AI Launch Tracker - MiniMax M3 Specs & Benchmarks: A Chinese Open-Weight Model Takes Aim at the Frontier

On the evening of May 31, 2026 (Eastern time), Shanghai-based AI startup MiniMax pushed its most ambitious model yet into the world. By Monday morning, June 1, the launch had a name everyone in the AI community was repeating: MiniMax M3.

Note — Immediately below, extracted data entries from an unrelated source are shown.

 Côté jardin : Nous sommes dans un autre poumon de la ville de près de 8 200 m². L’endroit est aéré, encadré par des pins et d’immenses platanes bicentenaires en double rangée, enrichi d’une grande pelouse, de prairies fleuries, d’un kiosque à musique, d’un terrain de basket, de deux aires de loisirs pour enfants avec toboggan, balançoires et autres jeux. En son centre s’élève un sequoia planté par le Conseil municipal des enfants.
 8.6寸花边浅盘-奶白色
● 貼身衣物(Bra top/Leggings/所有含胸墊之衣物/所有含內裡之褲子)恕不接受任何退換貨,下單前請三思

The pitch is unusually bold for an open-weight release — MiniMax claims M3 is the first open model to fuse three capabilities that, until now, only the closed frontier labs could offer simultaneously: frontier-level coding and agentic performance, a one-million-token context window, and native multimodality, complete with the ability to operate a desktop computer.

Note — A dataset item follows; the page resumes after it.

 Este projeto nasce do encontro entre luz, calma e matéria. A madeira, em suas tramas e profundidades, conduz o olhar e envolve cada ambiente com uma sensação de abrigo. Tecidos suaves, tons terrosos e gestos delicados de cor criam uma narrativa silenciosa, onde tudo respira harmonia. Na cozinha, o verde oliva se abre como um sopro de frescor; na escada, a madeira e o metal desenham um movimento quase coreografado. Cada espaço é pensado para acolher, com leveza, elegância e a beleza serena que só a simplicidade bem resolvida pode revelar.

That framing comes straight from the company’s own launch blog post, which opens with a deceptively simple line: “MiniMax M3 is officially released today.” What follows is a dense technical argument that the gap between open and closed models has narrowed to a sliver — and, on a handful of benchmarks, may have closed entirely. This article walks through what M3 actually is, the specifications and benchmark numbers published so far, how it stacks up against both open-source rivals and the proprietary frontier, and the significant caveats that independent observers have already raised.

Two important sources anchor everything below: the official MiniMax M3 model page and the MiniMax research blog. Everything else — VentureBeat, The Decoder, the South China Morning Post, Tech Times, OpenRouter — either corroborates or contextualizes those primary claims.

What M3 actually is

At its core, M3 is a sparse Mixture-of-Experts foundation model that accepts text, image, and video as inputs and produces text as output. According to its OpenRouter listing, the model offers a 1,048,576-token (1M) context window with a maximum output of 512,000 tokens, and it was released to the API on May 31, 2026. MiniMax positions it squarely at the workloads that punish models with short or expensive context: long-horizon agent tasks, whole-repository coding, and long-video understanding.

The South China Morning Post framed the launch in business terms, noting that M3 is MiniMax’s first major product release since the firm began preparing for an IPO on Shanghai’s STAR Market — a listing that would complement its existing Hong Kong presence. The SCMP also flagged a telling omission: MiniMax declined to disclose the model’s parameter count or the compute infrastructure used to train it. For a model billed as “open-weight,” that silence is conspicuous, and it’s a thread several critics have pulled at.

What MiniMax did disclose is that M3 represents a generational break from its M2 line. As the developer-focused Lushbinary guide observes, the M2 series had actually removed sparse attention in favor of full attention; M3 brings sparsity back in a brand-new form, and that single architectural decision is what unlocks the 1M context window at a usable price.

MSA: the architecture doing the heavy lifting

The headline technical feature is MiniMax Sparse Attention (MSA). The problem it solves is old and well understood: standard transformer attention is quadratic. Every token attends to every other token, so doubling the context roughly quadruples the attention compute. That’s why long context windows have historically been slow and ruinously expensive.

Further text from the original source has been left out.